Ch 8

Question 1

Discuss how plastic deformation occurs. Connect this to the structure of metals.

Answer 1

plastic deformation occurs by motion of dislocations (edge, screw, mixed).

Metals have metallic bonding (Non-directional) and also are closed packed in certain directions/planes. This means that atoms are relatively close requiring less energy to break and reform bonds. Also, lots of directions/options for slip.

Question 2

Discuss how plastic deformation occurs. Connect this to the structure of metals.

Answer 2

plastic deformation occurs by motion of dislocations (edge, screw, mixed).

Metals have metallic bonding (Non-directional) and also are closed packed in certain directions/planes. This means that atoms are relatively close requiring less energy to break and reform bonds. Also, lots of directions/options for slip.

Question 3

Compare the plastic deformation of metals to that of ceramics, Give reasons for the differences.

Answer 3

Ceramics either have covalent bonding or ionic bonding.
Covalent bonding is highly directional and much stronger than metallic bonding.
Similarily, ionic bonding is much much stronger AND while it isn’t directional, the motion of nearby ions of LIKE charge is restricted by electrostatic repulsive forces

All reasons why ceramics are so brittle and don’t deform well

Question 4

Slip systems.

What is a slip system, list the most preferred slip systems for SC, BCC, FCC

Answer 4

Slip system: preferred direction and plan that a material will deform along. High planar density in the high linear density direction

Question 5

What is the applied tensile stress?

Answer 5

Shear stress component when slip plane is oriented neither perpendicular nor parallel to stress direction

Question 6

Why is Dislocation Motion & Plastic Deformation in Metals & Ceramics important?

Answer 6

Dislocations are intimately involved in plastic deformation. To control the mechanical properties (e.g. yield strength, UTS, toughness, high temperature properties) you control the ease with which dislocations move in a material. Understanding dislocation interactions with obstacles such as solutes, grain boundaries, and other dislocations, helps engineers to design better alloys and to achieve desired performance.

Question 7

Why is this important Interaction of Dislocations with Obstacles & Annealing?

Answer 7

Pure metals are soft, so to increase the strength of metals, engineers can use dislocation interactions with obstacles to increase yield strength: by solid solution hardening (alloying), grain boundary refinement (decreasing grain size), and increasing dislocation density (cold work). These design schemes form a key basis for alloy design everywhere throughout technology.

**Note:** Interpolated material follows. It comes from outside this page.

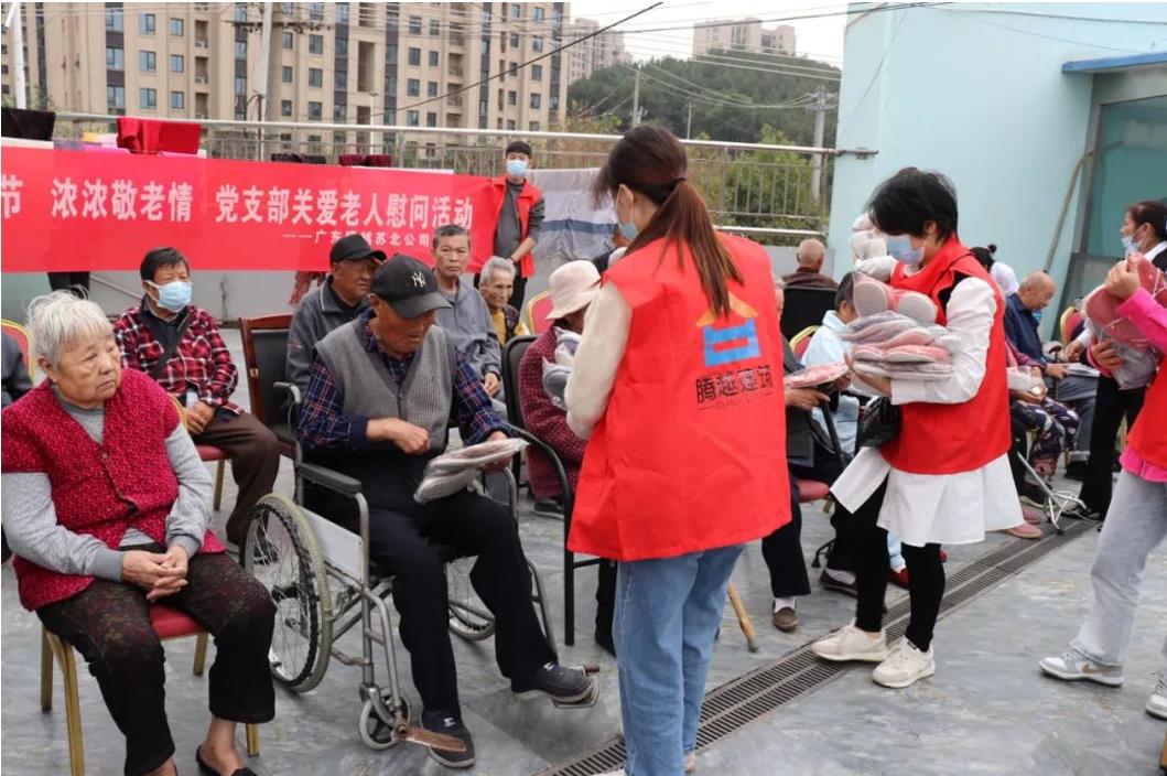 蘇北公司黨總支黨員們前往當(dāng)?shù)攸S山養(yǎng)老院,向老人們轉(zhuǎn)達(dá)了騰越建筑蘇北公司全員的問候和節(jié)日祝福,并送去了百余雙棉拖鞋,大米和油等慰問禮品。黨員們還與老人們親切地交談,叮囑老人要注意添加衣物,適量運動,保持心境開朗,讓老人們充分感受到騰越的溫暖關(guān)懷。

During plastic deformation strength increases (which is generally good), yet ductility decreases (which is generally bad). Annealing is a controlled heat treating process by which ductility is restored at the expense of yield strength. This is an important manufacturing process, which engineers can use to broaden the range of useful properties in alloys, and tailor their properties to specific applications.

Question 8

What angles is Tr the highest?

Answer 8

1/2 yield strength

Question 9

Discuss how grain boundaries play a role in polycrystalline materials

Answer 9

polycrystalline materials have many grains, and often random crystallographic orientations and therefore slip directions vary from grain to grain

There will be one (at least) plane that is oriented favorably and that is where the slip with begin.

slip first fail first

Question 10

What happens when you roll a material?

Answer 10

rolling of grains takes a random orientation and results in one direction

Question 11

Define anisotropic

Question 12

How are dislocations used as a strengthening mechanism?

Answer 12

If you want a material to not deform, you need to stop dislocations from moving

Question 13

What are the three mechanisms used to stop dislocations from moving around?

Answer 13

1. grain size reduction
2. solid solution strengthening
3. strain hardening (cold working)

Question 14

How do you use grain size to stop dislocations from moving around?

Answer 14

because grain boundaries act as barriers to dislocation motion, an increase in boundaries (decrease in grain size) will increase strength of material

Question 15

What are the consequences of reducing grain size? (or more generally any of the three mechanisms)

Answer 15

increase yield strength
increase tensile strength
increase hardness

Question 16

What is solid solution strengthening? Alloying?

Answer 16

When dislocations are present, the result is areas of compression and tension.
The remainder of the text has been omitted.